The Orderbruch

The EHL Site

The Oderbruch is a small region on the German-Polish border. It is an outstanding example of the anthropogenic forming of landscapes in Europe and was created by the Prussian colonisation of the 18th century. With its filigree water system, its settlement structures, and its shaping by immigration, it shows high self-organization and therefore it stands as an example for the future of rural areas in Europe.

To present this heritage, we have formed a network of 42 places and sites throughout the region. Among them are villages, churches, ladles, monuments, and small museums. All places lead their own contribution to a common landscape narrative.

European dimension

The Prussian domestic colonisation of the Oderbruch brought together Europe’s most advanced engineering expertise at the time of Frederick II. This knowledge made it possible, within a short time span, to completely reshape a natural environment in a previously unimaginable scope and with enormous conceptual power. The most important protagonists of this process were prominent European personalities in terms of their biography and expertise.

The new landscape design shaped by these personalities brought people from Germany’s Palatinate region, the French-speaking part of Switzerland, Bohemia and many other European regions together in the Oderbruch, but it also opened up new opportunities for the fishermen already residing there. Approximately 8,000 colonists found a new livelihood in the Oderbruch. It is thanks to the Oderbruch’s potential for integration that, to this day, people from France, England, Poland, the Netherlands or the United States have been able to settle in this landscape and enrich the region with their diverse cultural influences.

European values are reflected above all in the history of the landscape, where, over a period of ten generations, through wars, catastrophes, and systemic upheavals, the Oderbruch’s water system has been constantly evolving to this day. This continuity is testimony to a characteristically European sense of responsibility, which has made it possible for a radical and bold intervention into the natural environment to create a sustainably managed cultural landscape. A decisive factor in this development has always been a dialectic of state action and civic involvement, which, while often fraught with conflict, has ultimately always been resolved in democratic processes of communication. With this self-conception as a starting point, the citizens of the Oderbruch present their landscape as a prime example for the future of rural life in a modern Europe.

As a result of the Second World War, the Oderbruch of today is a cross-border landscape.
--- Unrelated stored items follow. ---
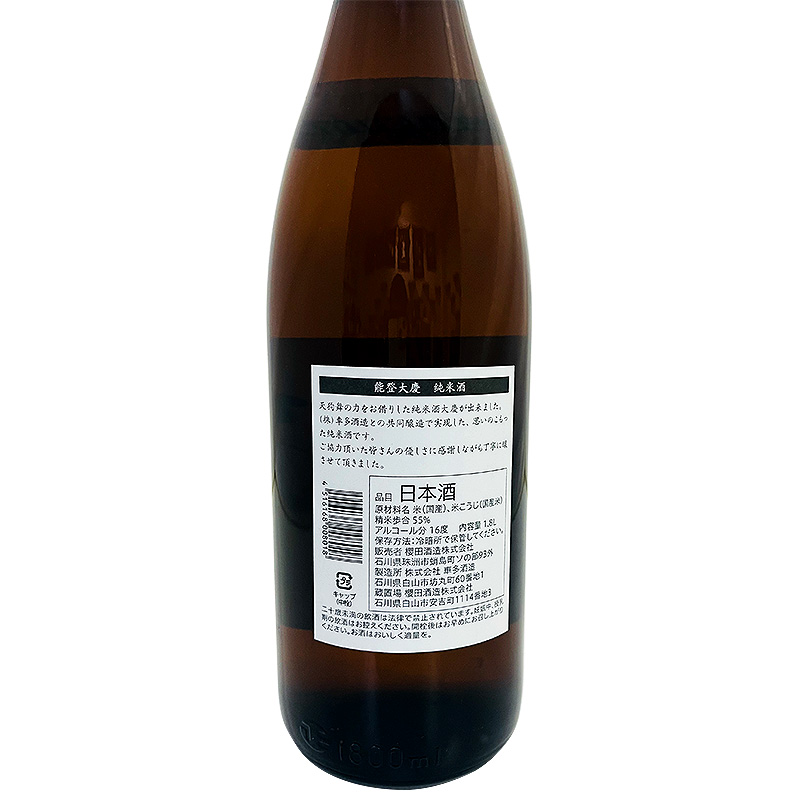 純米酒 能登 大慶 1800ml *地震で倒壊した蔵から救出した酒米を車多酒造で醸造させて頂いた純米酒。
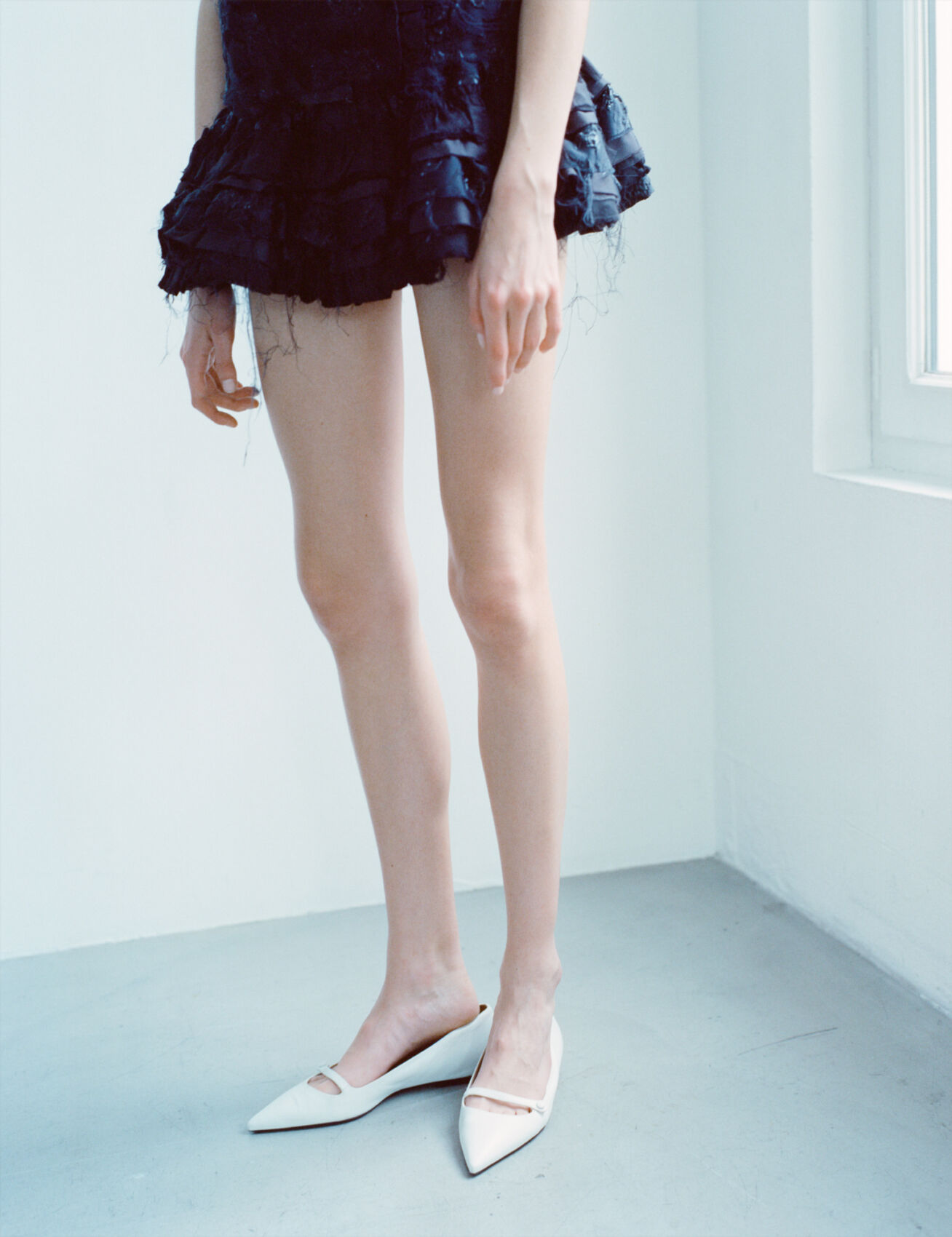 A person stands on a light gray floor, with white pointed shoes. They're wearing a dark, layered, frayed mini dress that contrasts with the minimalist surroundings. Their lightly tanned skin is visible from the thighs down, and their arms hang naturally by their sides. Natural light enters from the right, suggesting a window nearby, adding a soft glow.
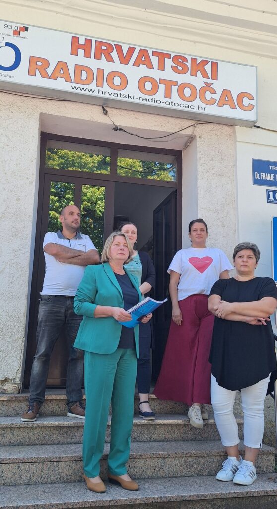 OTOČAC – Danas u podne ispred zgrade Hrvatskog radija Otočac održana je konferencija za medije djelatnika radija koju je vodila direktorica Ruža Orešković.
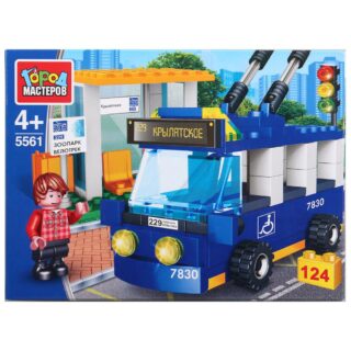 Конструктор пластик 124 детали Троллейбус с остановкой и фигуркой Город мастеров 5561-KK
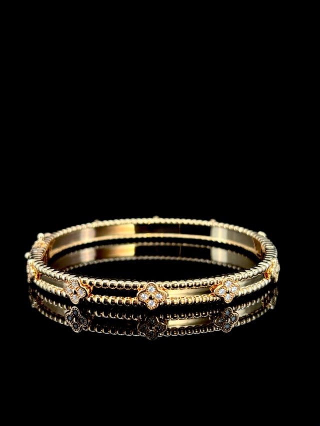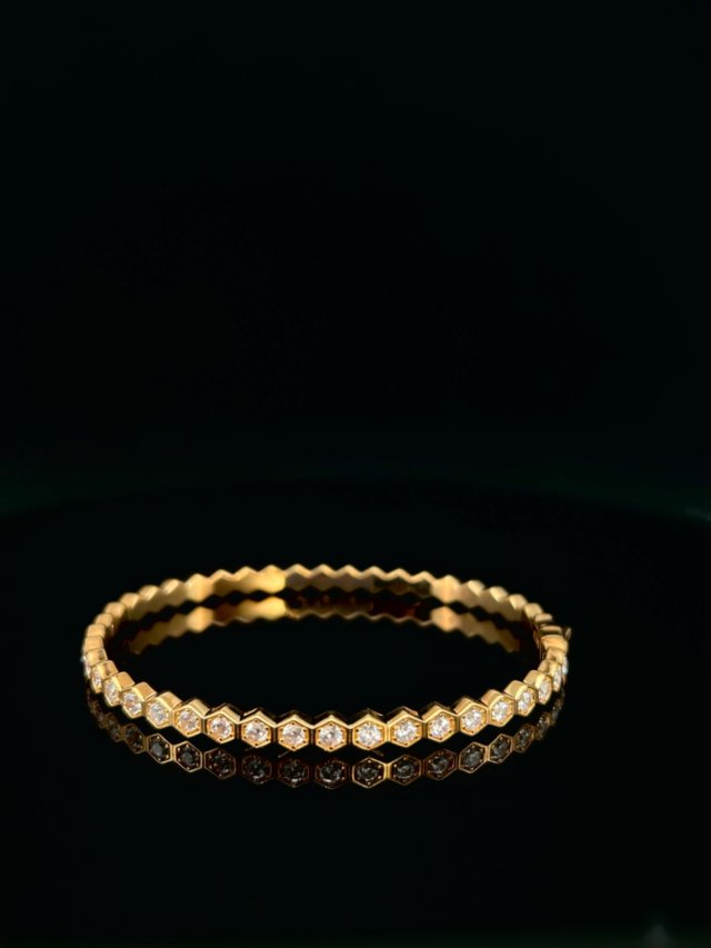 925純銀鍍玫瑰金鋯石鑲嵌手環
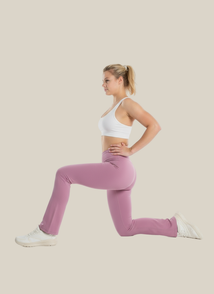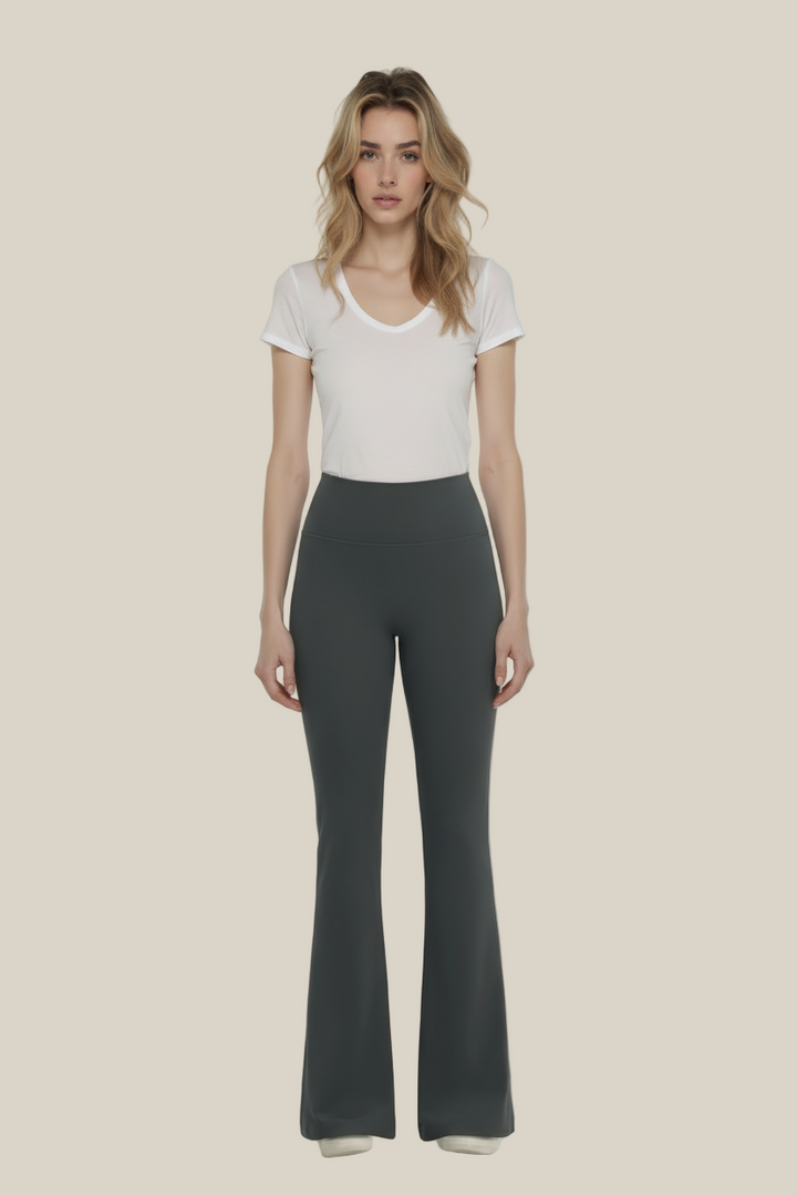 מכנסי אימון לנשים בגזרה מתרחבת (Bell Bottom), עם מותן גבוהה המחטבת את הגוף ומעצבת את המותניים והישבן.
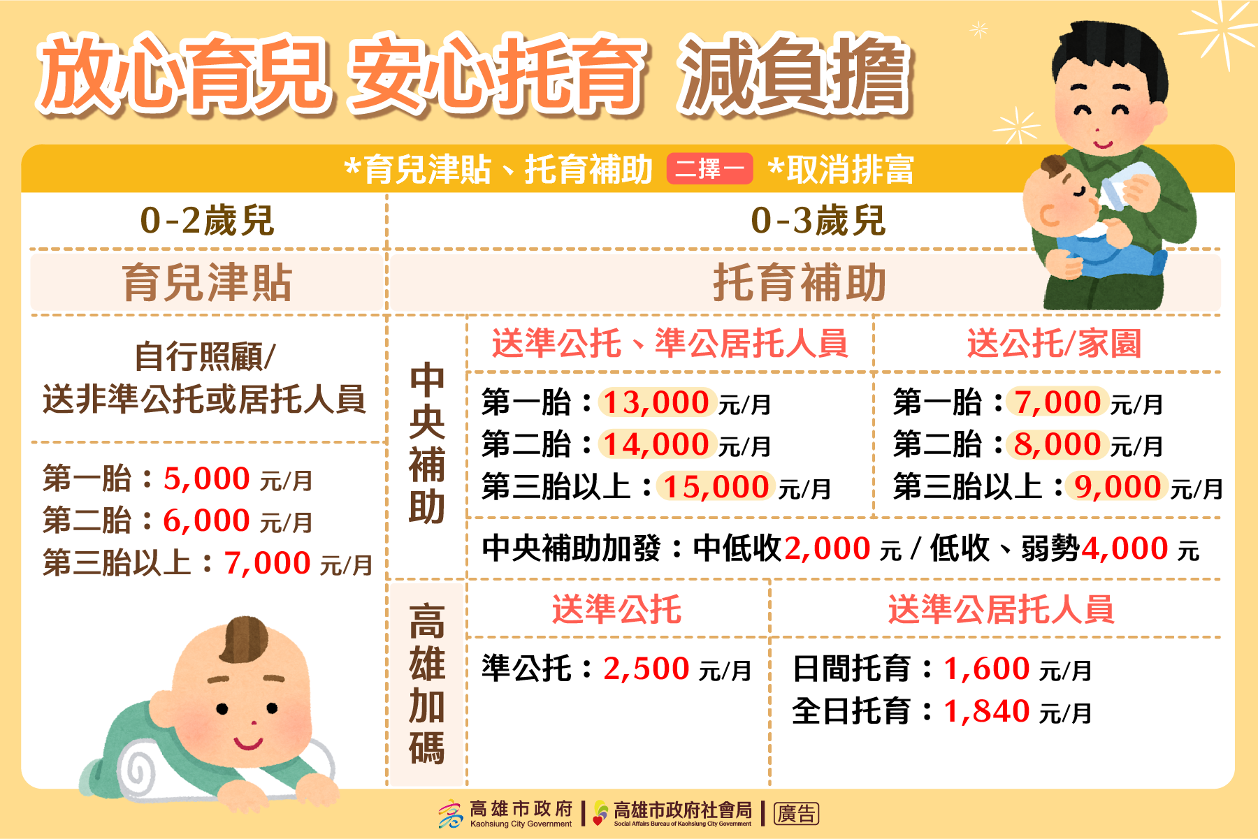 另配合中央0至6歲國家一起養政策,發放育兒津貼及托育補助,家長自行照顧未滿2歲兒童可申領育兒津貼每月5千元。送托公托中心中央公共化托育補助每月7千元。送托準公共居托人員(保母)或托嬰中心,中央補助每月1萬3千元,且已全面推動「線上申請」育兒津貼或托育補助,民眾透過線上在家也可以申請津貼補助喔!高雄市自112年起再加碼準公托育補助,送托準公共保母加碼補助日間托育每月1,600元,中央加高市共計補助每月1萬4,600元;送準公共托嬰中心加碼補助每月2,500元,中央加高市共計補助每月1萬5,500元,實質減輕家長育兒負擔,實踐政府與家庭一起承擔照顧責任的承諾。
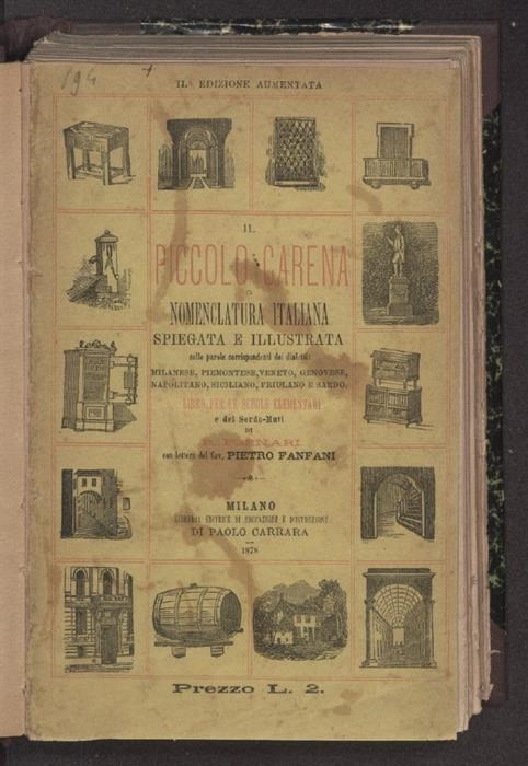 Il piccolo Carena o nomenclatura italiana spiegata e illustrata colle parole corrispondenti dei dialetti milanese, piemontese, veneto, genovese, napolitano, siciliano, sardo e friulano : libro per le scuole elementari e dei sordo-muti
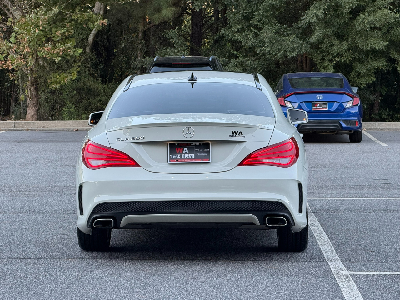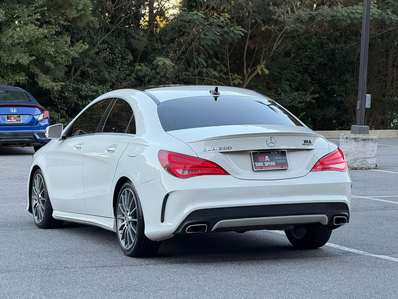 2016 MERCEDES BENZ CLA250, WHITE ON BLACK, AUTOMATIC TRANSMISSION, SPORT PACKAGE, PREMIUM PACKAGE, AMG WHEELS, KEYLESS-GO, PUSH BUTTON START, ILLUMINATED STAR, NAVIGATION SYSTEM, BACKUP CAMERA, BLUETOOTH, BLIND SPOT ASSIST, LEATHER, CD, REMOTE KEYLESS, HEATED SEATS, POWER WINDOWS, POWER DOOR LOCKS, CRUISE, TILT, ABS, COLD AC, HEAT, LOADED, PLEASE CONTACT WORLD AUTO FOR MORE INFORMATION AT 770-921-2775.
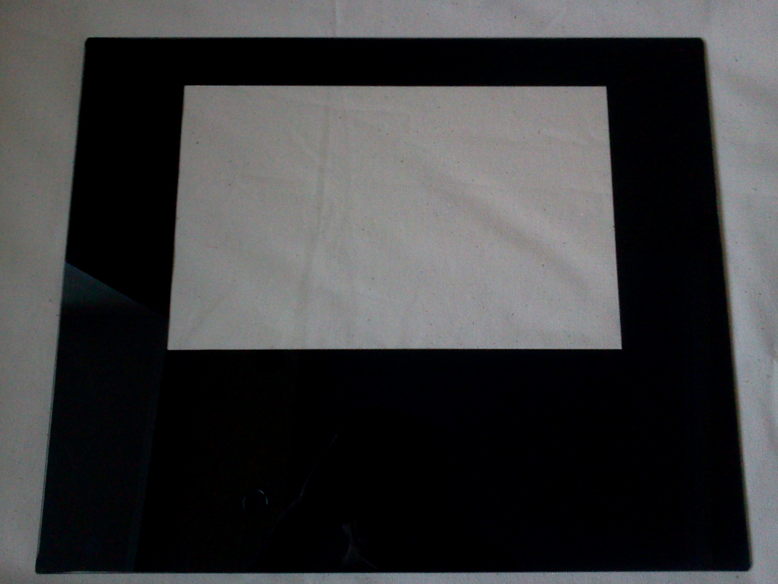 Стекло наружное плиты "Лысьва" двухцветное (498мм*430мм)имеет крепежные кронштейны, приклеенные к стеклу специальным клеем.
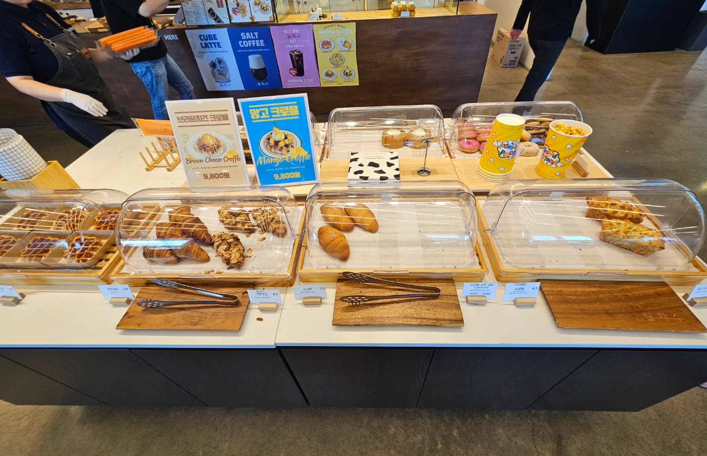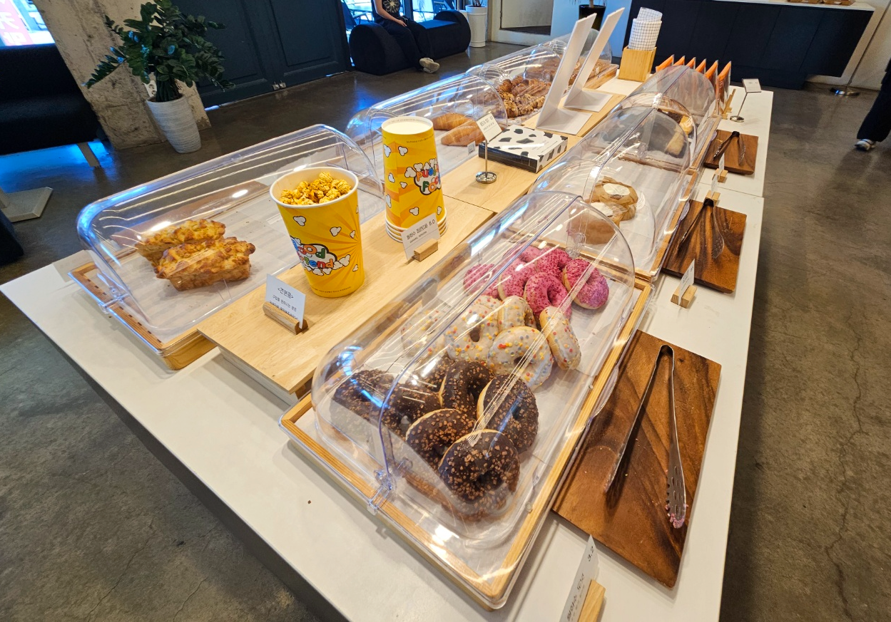 빵종류는 엄~청 많지도 적지도 않고 적당하게 있었어요. 소금빵, 크로플, 크루아상, 식빵, 도넛, 카스테라와 빨미까레, 크루키 등 인기많은 빵들로만 구성되어 있었고 카라멜팝콘도 판매하고 있었어요.

It does not end in the middle of the Oder River, but instead also encompasses what today are the old Polish Oderbruch villages on the eastern side, from which significant impulses for colonisation once came.

The organization

The network of heritage-places is coordinated by the Oderbruch Museum Altranft.

We publish an annual travel guide (Schau ins Bruch), provide information about the possibilities to get to know the Oderbruch, carry out numerous educational projects and invite people to take tours through the Oderbruch.

In the Oderbruch Museum, we present the land and its people in a richly artistic exhibition.

Our work is supported by a municipal working group in which all communities and cities of the Oderbruch are members.